В комнате царил застоявшийся запах болезни и старости, восточного табака, росного ладана для ингаляций, испарявшегося спирта, сладковатых микстур — запах одновременно едкий и приторный; воздух был нагрет раскаленными металлическими шарами, нарочно положенными в камин.
На широкой кровати со столбиками, украшенными бронзовыми кольцами, неподвижно лежал Жан де Ла Моннери. Глаза его были закрыты, под спину подложены подушки. Кожа на лице приобрела лиловатый оттенок, впалые щеки поросли седой щетиной, издали напоминавшей рассыпанную соль. По белой подушке извивалась длинная прядь волос, обычно покрывавшая лысое темя, из влажного воротника ночной сорочки выступала изборожденная глубокими морщинами худая шея. Простыни были скомканы.

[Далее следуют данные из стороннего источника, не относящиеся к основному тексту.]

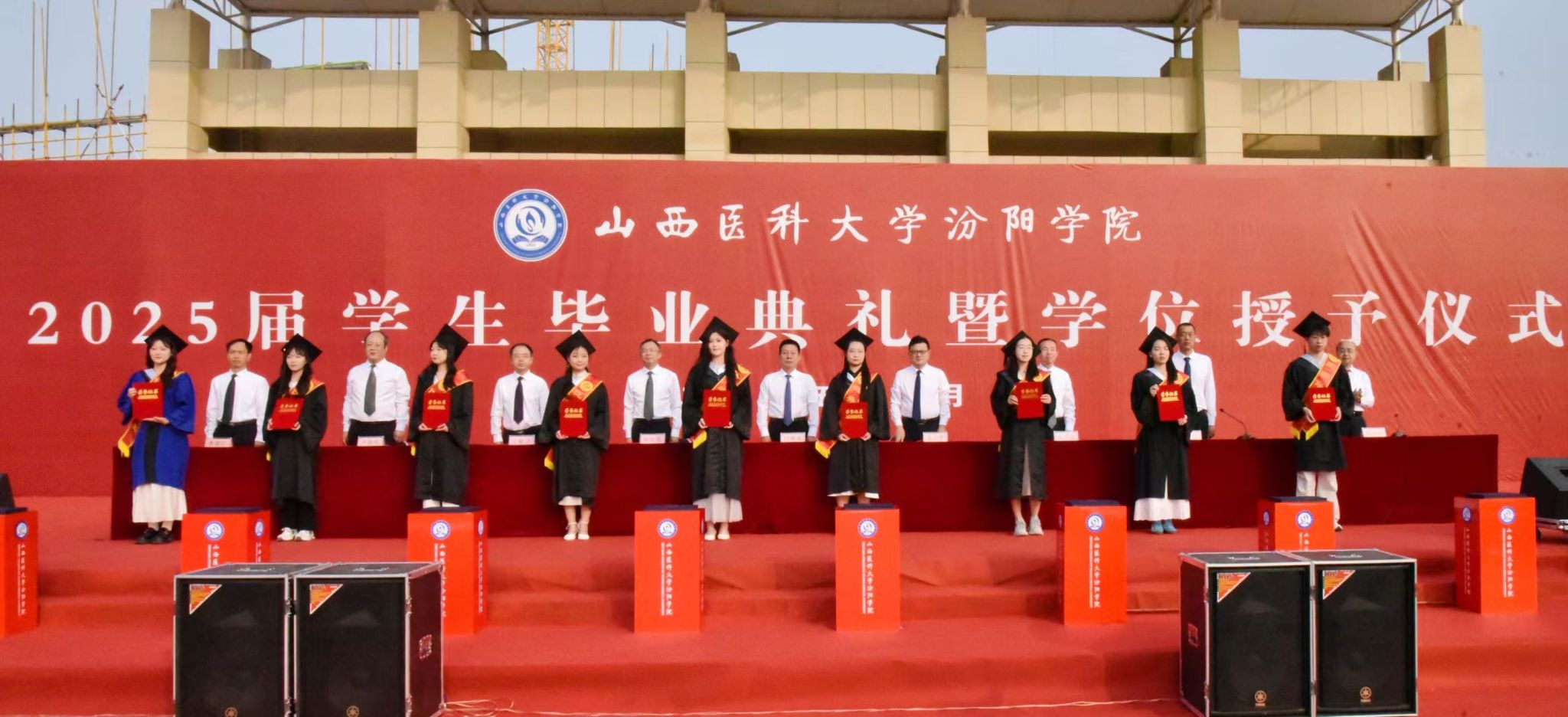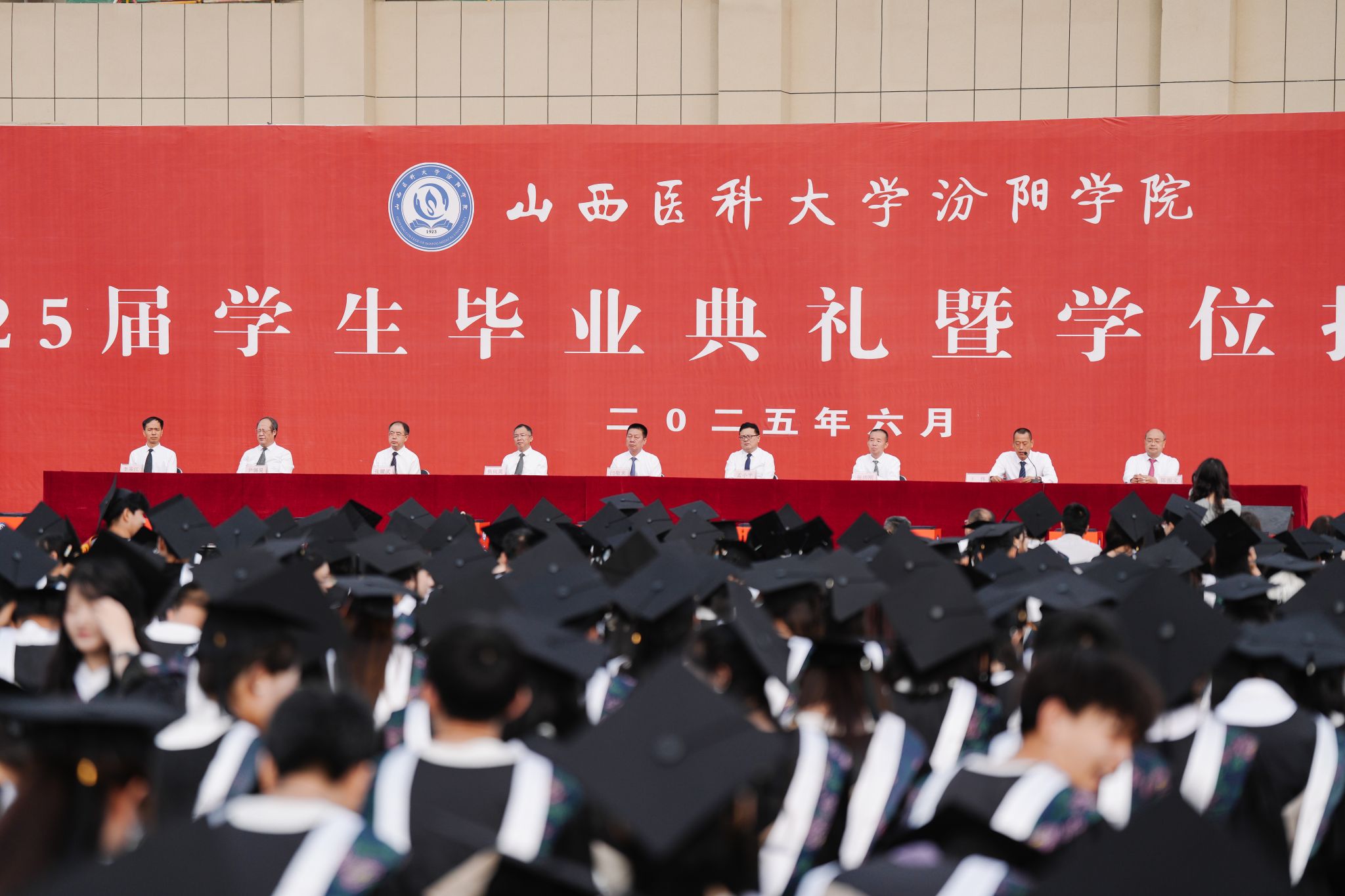 6月27日上午,我校隆重举行2025届毕业生毕业典礼暨学位授予仪式。山西医科大学党委常委、副校长焦向英;我校党委书记闫敬来,党委副书记、院长孟小平,党委副书记王伟,党委委员、纪委书记尹锡昊,党委委员、副院长陈振文,党委委员、副院长李荣江;山西省汾阳医院党委书记张沛刚、院长张耀武;我校相关职能部门负责人,各系(部)书记、主任、副书记、分团委书记,各毕业班辅导员、学业导师、教师代表、毕业生家长及2025届全体毕业生参加了毕业典礼。
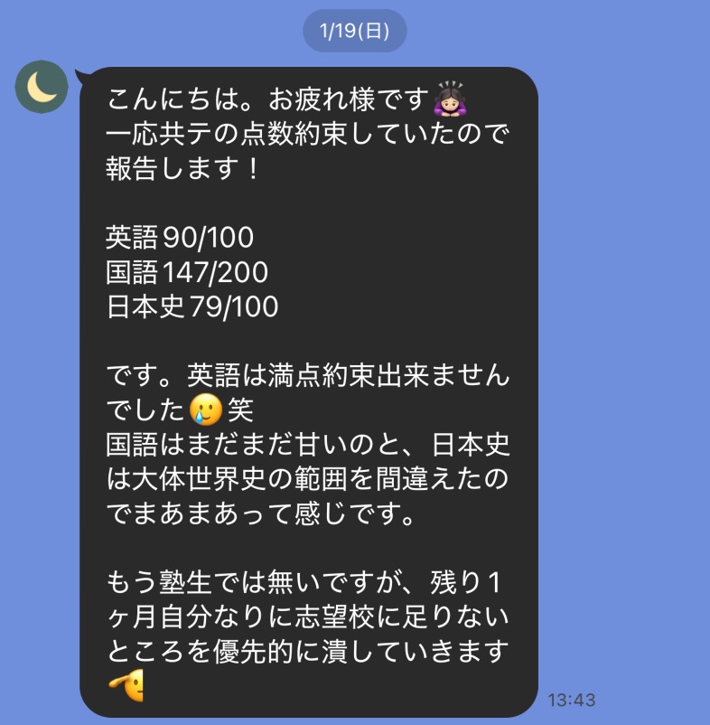 そして彼女は共テ模試で結果を出し自信をつけるために共テの予想問題を解きまくりました。ただ解くのではなく、毎回課題を見つけ、私と勉強法を確認しながら解いたのです。その結果…

Человек лет шестидесяти в щегольском смокинге, с надменным и самодовольным выражением лица и тронутыми сединой волосами, гладко выбритый и румяный, сжимал пальцами запястье больного, не отрывая глаз от бегущей секундной стрелки на своих золотых часах.
Когда Симон приблизился к кровати, Жан де Ла Моннери приподнял веки. Блуждающий взгляд его серых глаз (левый глаз косил) остановился на вошедшем.
— Друг мой… как мило с вашей стороны, что вы навестили меня, — глухо произнес поэт; хриплое дыхание с шумом вырывалось из его груди.
Как всегда учтивый, он захотел представить посетителей друг другу:
— Господин Симон Лашом, молодой, но необыкновенно талантливый ученый…
Человек в смокинге и тугом крахмальном воротничке слегка кивнул головой и произнес:
— Лартуа.
— Нынче утром — исповедник, — задыхаясь проговорил поэт, — вечером — вы, мой врач и верный друг, а вот теперь — мой ученик и, я бы сказал, мой снисходительный критик… А сверх того возле меня неутомимо бодрствует добрый ангел, — прибавил он, обращаясь к племяннице. — Чего еще может пожелать умирающий?
Он вздохнул. Жилы на его шее напряглись.
— Полно, полно, все обойдется. Теперь, когда жар спал… — проговорил Лартуа, и в его голосе зазвучали профессионально бодрые интонации, не вязавшиеся с выражением лица. — Вы еще нас удивите, дорогой Жан!
— Масло в лампаде иссякло, — прошептал поэт.
В комнате на мгновение наступило молчание, слышно было только, как отсчитывает секунды стрелка мраморных часов.
Сиделка-монахиня, подобрав кверху и заколов булавкой края своего огромного чепца, кипятила в ванной комнате шприцы.
Левый глаз умирающего вопросительно уставился на Симона.
Вместо ответа молодой человек извлек из кармана пачку типографских оттисков.
— Когда она выйдет в свет? — спросил Жан де Ла Моннери.
— Через месяц, — ответил Симон.
Смешанное выражение гордости и печали появилось в глазах поэта и на мгновение оживило синюшное лицо.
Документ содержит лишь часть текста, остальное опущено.